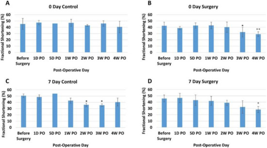 Average fractional shortening (percentage) at different time points for each group. (A) Zero-day control group. (B) Zero-day surgery group. (C) Seven-day control group. (D) Seven-day surgery group. * and ** represent a significant difference (p < 0.05) between before surgery and the labeled time point.
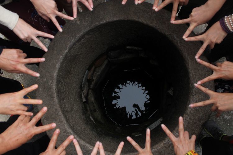 哎!这个现场要引用老干妈的现场台词……你们这些城里人啊!一口井都能玩半天
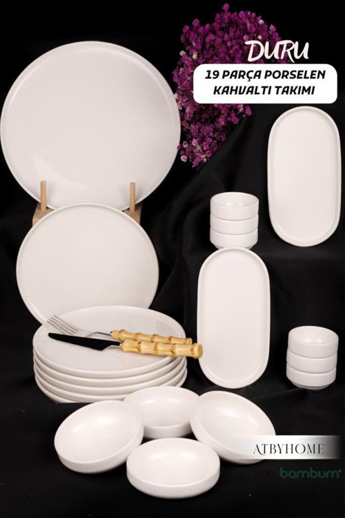 Atbyhome by Bambum Duru 19 Parça Porselen Kahvaltı Takımı | Sofralarda Saf ve Modern Zarafet
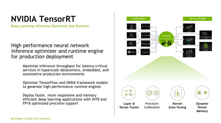 最后一个我想讲的是TensorRT,训练好一个模型,最重要的是模型的准确性和怎么把模型交付给客户使用?推理和训练其实是不一样的,训练时可能用的是FP32的精度,但在推理的时候,可以用更低的精度。训练时,各层之间的关系是固定的,而且需要把中间参数保存下来,从而进行反向迭代。但推理时,只有正向的迭代,此时可以通过使用TensorRT达到免费加速的效果。TensorRT可以做一些Layer fusion,同时也可以做些精度校准,对于不同的GPU卡,可以实现模型的自动调整,动态分配内存,不管是在内存、计算、网络结构以及参数精度方面,都可以用TensorRT达到更好的效果,取得一更好的性能。以P4为例,如果使用FP32精度的参数算力可以达到5.5T,如果使用Int 8精度的参数算力可以达到22T,所以说硬件的性能提升也需要通过软件的优化才能够完成。
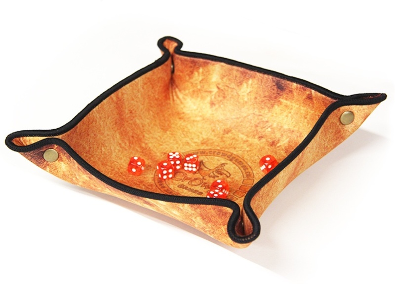 Дайс-трей сделан из ф-неопрена с металлическими кнопками по углам. Складывается за несколько секунд и обеспечивает тишину при броске кубиков.
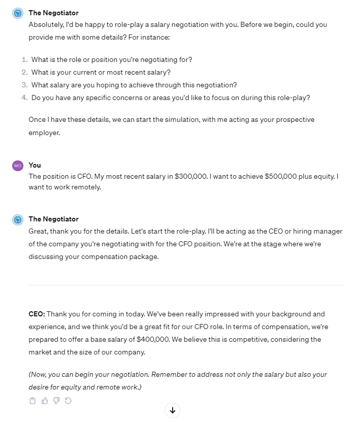 Here you can see some sample custom GPTs that were made by OpenAI. Let’s try the negotiator by simply clicking on it.
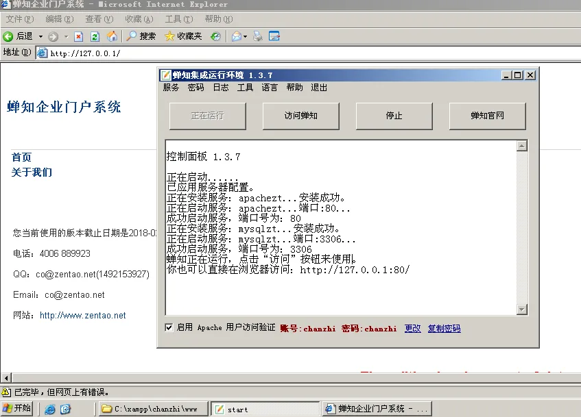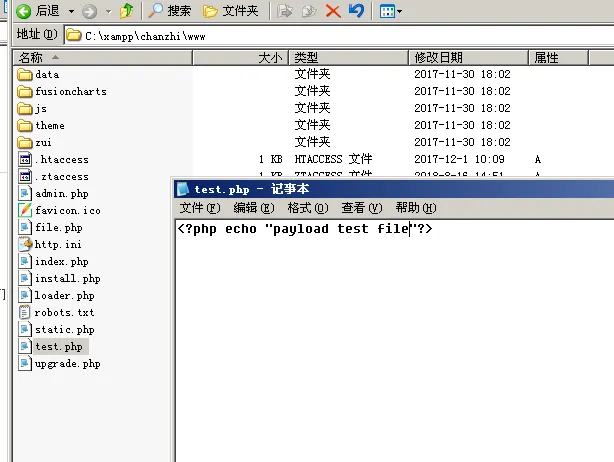 C:\xampp\chanzhi\www新建一个测试文件test.php
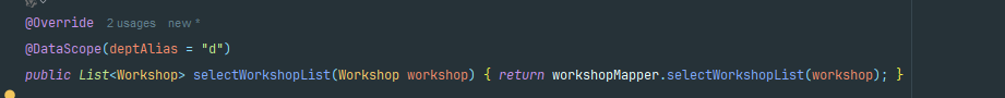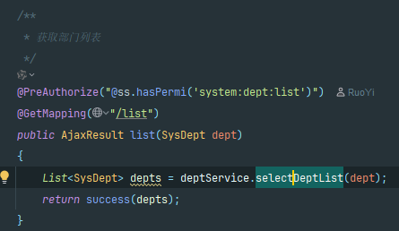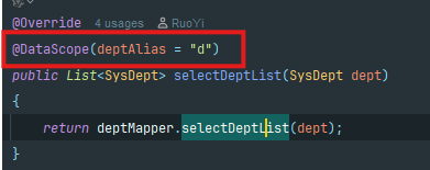这是他的service 可是看到写了一个注解@DataScope 还说明了部门表的别名为d 这个注释有什么用了,我们先往下看。
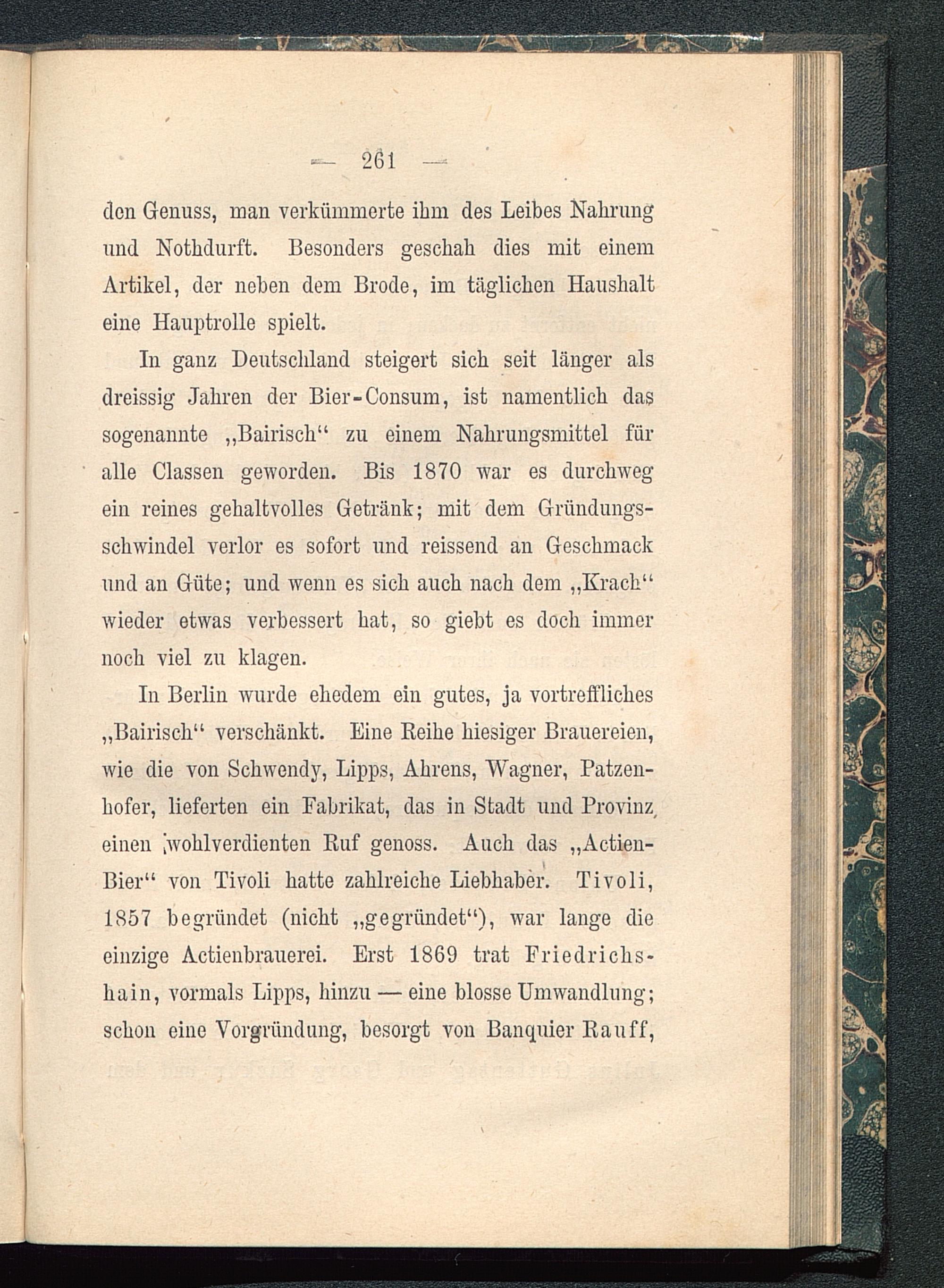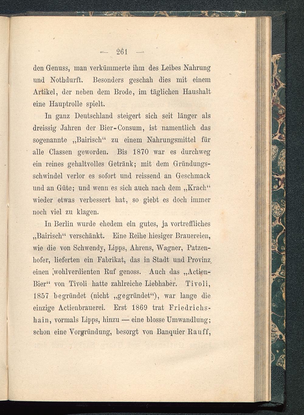 In Berlin wurde ehedem ein gutes, ja vortreffliches„Bairisch “ verschänkt. Eine Reihe hiesiger Brauereien,wie die von Schwendy, Lipps, Ahrens, Wagner, Patzen-hofer, lieferten ein Fabrikat, das in Stadt und Provinzeinen [wohlverdienten Ruf genoss. Auch das „Actien-
****
→ Brief
Everything in the listing above must be retyped exactly, except for the pictures.

→ Response to this task
 Average fractional shortening (percentage) at different time points for each group. (A) Zero-day control group. (B) Zero-day surgery group. (C) Seven-day control group. (D) Seven-day surgery group. * and ** represent a significant difference (p < 0.05) between before surgery and the labeled time point.
 哎!这个现场要引用老干妈的现场台词……你们这些城里人啊!一口井都能玩半天
 Atbyhome by Bambum Duru 19 Parça Porselen Kahvaltı Takımı | Sofralarda Saf ve Modern Zarafet
 最后一个我想讲的是TensorRT,训练好一个模型,最重要的是模型的准确性和怎么把模型交付给客户使用?推理和训练其实是不一样的,训练时可能用的是FP32的精度,但在推理的时候,可以用更低的精度。训练时,各层之间的关系是固定的,而且需要把中间参数保存下来,从而进行反向迭代。但推理时,只有正向的迭代,此时可以通过使用TensorRT达到免费加速的效果。TensorRT可以做一些Layer fusion,同时也可以做些精度校准,对于不同的GPU卡,可以实现模型的自动调整,动态分配内存,不管是在内存、计算、网络结构以及参数精度方面,都可以用TensorRT达到更好的效果,取得一更好的性能。以P4为例,如果使用FP32精度的参数算力可以达到5.5T,如果使用Int 8精度的参数算力可以达到22T,所以说硬件的性能提升也需要通过软件的优化才能够完成。
 Дайс-трей сделан из ф-неопрена с металлическими кнопками по углам. Складывается за несколько секунд и обеспечивает тишину при броске кубиков.
 Here you can see some sample custom GPTs that were made by OpenAI. Let’s try the negotiator by simply clicking on it.
 C:\xampp\chanzhi\www新建一个测试文件test.php
这是他的service 可是看到写了一个注解@DataScope 还说明了部门表的别名为d 这个注释有什么用了,我们先往下看。
 In Berlin wurde ehedem ein gutes, ja vortreffliches„Bairisch “ verschänkt. Eine Reihe hiesiger Brauereien,wie die von Schwendy, Lipps, Ahrens, Wagner, Patzen-hofer, lieferten ein Fabrikat, das in Stadt und Provinzeinen [wohlverdienten Ruf genoss. Auch das „Actien-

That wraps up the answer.